QuantCoderFS – Implementation Evaluation and First Public Release

Version 1.1 · Release 9 May 2025 · Includes evaluation of QuantCoderFS on the low volatility anomaly as a foundational strategy test

May 08, 2025

QuantCoderFS - Algorithm generation from the article ‘Benchmarks as limit to arbitrage (Baker and al. 2010(

Overview

This release note presents a focused benchmark of the QuantCoderFS software—an agent-based system designed to extract and implement trading strategies from research papers—against a well-documented empirical anomaly: the long-term outperformance of low volatility equity portfolios.

The primary goal is to evaluate the intrinsic added value of QuantCoderFS relative to direct prompt engineering, using a single academic source across multiple large language model configurations. The results serve as a reference point for future code releases and as technical guidance for users interested in automated alpha replication.

Methodology

The experiment consists of a single research article input:

Baker, Bradley, and Wurgler (2010), Benchmarks as Limits to Arbitrage: Understanding the Low Volatility Anomaly

QuantCoderFS was tasked with parsing the PDF, interpreting the strategy, and generating production-ready code for QuantConnect’s Lean engine. The system was evaluated across three OpenAI model configurations:

GPT-3.5 (via API)
GPT-4o (via API)
GPT-4.1 (gpt-4-0125-preview, API)

Each model was used to generate code within the same structured agentic flow, and the resulting output was tested for correctness, compilation, and backtest viability.

Summary of Results

Only GPT-4.1 produced a working implementation consistent with the source paper. It accurately captured the key design elements:

Filtering by liquidity and price
Computing 252-day volatility
Selecting the lowest volatility quintile
Monthly rebalancing
Benchmarking and volatility tracking versus SPY

Model Behavior Analysis

GPT-3.5

This version generated only placeholder methods and high-level comments. It lacked any usable implementation logic. While syntactically valid, the output failed to capture both strategy structure and trading behavior.

GPT-4o (First Attempt)

The initial GPT-4o output produced a generic equal-weight portfolio with no volatility logic.
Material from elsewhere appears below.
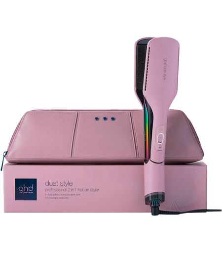 ghd Futurescape Collection. Entfliehe in ein digitales Utopia mit der ghd Futurescape Collection. Sie vereint Beauty und Tech, um Individualität mit endlosen Möglichkeiten zu inspirieren. Dein Schicksal für einen good hair day erwartet Dich mit dem ghd duet style™ professional 2-in-1 Hot Air Styler in der limitierten Edition transcendent pink mit irisierenden Akzenten,* zusammen mit einem gratis Hitzeschutz-Etui (im Wert von 20 €), das auch als hitzebeständige Styling-Unterlage** dient. ghd duet style™ ist der erste 2-in-1 Hot Air Styler,*** der Dein Haar von nass zu gestylt verwandelt – ganz ohne Hitzeschäden.**** TROCKNEN & STYLEN MIT NUR EINEM TOOL - Die revolutionäre Air-Fusion™ Technologie besteht aus der einzigartigen Kombination modernster innerer Aerodynamik mit 4 intelligenten Platten in einer maßgeschneiderten ghd-Stylingkammer. Sie liefert einen ultrakonzentrierten Luftstrom durch ein von Experten entworfenes Luftgitter, das in Synergie mit den intelligenten Niedrigtemperatur-Platten arbeitet, um das Haar gleichzeitig effizient zu trocknen und zu stylen. Für schnelleres Styling und noch nie dagewesene Haarergebnisse,***** mit nur einem Gerät. LEISTUNGSFÄHIGES STYLING MIT NIEDRIGER TEMPERATUR - Die smarten Infinity Sensoren halten eine gleichmäßige Temperatur vom Ansatz bis zu den Spitzen aufrecht, um eine erstklassige Trocknungsleistung zu erzielen und gleichzeitig die natürliche Feuchtigkeit Deines Haares zu erhalten.† Von nassem Haar zu glattem Styling ohne Hitzeschäden,**** ohne Zischen oder Verbrennungsgeruch, für beispiellos schöne und geschmeidige Haarergebnisse bis zu 48 Stunden***** mit 42 % höherem Schutz vor Luftfeuchtigkeit.†† LUXURIÖSE ERGEBNISSE JEDEN TAG - Der exklusive Shine Shot™ Modus für trockenes Haar verwandelt das Tool in einen Styler ohne Luftstrom mit der optimalen Stylingtemperatur 185 °C, um sofort frizzfreies Haar,***** 2x mehr Glanz und 3,5x mehr Haarbändigung zu ermöglichen.† KOMPROMISSLOSES STYLING - Die hochentwickelten, leicht gleitenden Platten mit Ultra-Glanz-Beschichtung sorgen für sanftes und reibungsloses Gleiten, für ein müheloses Styling. LEISES STYLING-ERLEBNIS - Das maßgeschneiderte Akustiksystem bietet einen niedrigeren Geräuschpegel***** für ein angenehmeres und verfeinertes Styling-Erlebnis zu Hause oder im Friseursalon. ENERGIESPARENDES STYLING - Entwickelt mit einem Höchstmaß an Leistung, Effizienz und Ästhetik: Unsere einzigartige umweltfreundliche Aerodynamik minimiert die Energieverschwendung für bis zu 45 % weniger Energieverbrauch.††† PEACE OF MIND - Schlafmodus: Schaltet sich nach 30 Minuten ohne Verwendung automatisch ab. Mit Plattenschutzkappe und professionellem 2,7 m langem Kabel. 2 Jahre Herstellergarantie. *Die Farbe kann bei jedem einzelnen Produkt aufgrund des irisierenden Finishs variieren. Zudem kann die Produktfarbe aufgrund der Lichtverhältnisse während der Aufnahmen leicht von den Abbildungen abweichen. **Das Hitzeschutz-Etui ist nur für die Verwendung mit ghd Produkten... ...

It demonstrated knowledge of QuantConnect's framework but did not extract the core alpha signal from the paper. The result resembled a template more than a strategy.

GPT-4o (Second Attempt)

The second attempt included logic to compute volatility but did so incorrectly, using self.History() inside the CoarseSelectionFunction, which is not permitted by QuantConnect. Despite this, the design intent was closer to the paper than in previous versions.

GPT-4.1 (Two Attempts)

Both versions generated by GPT-4.1 successfully implemented the core mechanics of the low volatility anomaly strategy. Each version computed volatility using log returns, maintained internal state correctly, applied scheduled monthly rebalancing, and incorporated benchmarking against SPY. Crucially, both algorithms compiled without error and executed backtests on QuantConnect without requiring manual intervention.

**Backtest executed in the backend console.**

Note: the LEAN engine is used primarily as a compilation and runtime check. Full backtests are subsequently replicated on the QuantConnect platform for performance evaluation and visualization.
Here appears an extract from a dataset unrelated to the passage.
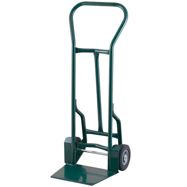 Moving the heaviest loads is easier than ever thanks to this Harper 32T57 Taper Noz hand truck! With its extra-large 17" x 14" x 13" tapered base plate, this hand truck can easily slide under almost anything, and its 51" tall welded steel frame and 3/4" axle provide support for even tall loads and stacks up to 900 lb. Heavy gauge steel fenders protect products from rubbing against the wheels and also tie the base plate to the frame for added strength, while 8" x 2 1/4" solid rubber wheels and a continuous handle provide a smooth ride every time.

Algorithm generated by GPT-4.1 (first attempt).

Code and backtest results are available here.

Of the two, the second implementation stands out for its cleaner structure and higher maintainability. It demonstrates a clearer separation of responsibilities across methods, encapsulates volatility calculations within the rebalance logic, and manages universe changes more robustly. These attributes align more closely with QuantConnect development best practices, making the second version the stronger candidate for production use and public code release.

Algorithm generated by GPT-4.1 (second attempt)

Code and backtest results are available here.

On the Value of Prompting vs. Agentic Design

A natural question arises: could the same implementation quality be achieved by prompting GPT-4.1 directly with a well-structured description of the paper?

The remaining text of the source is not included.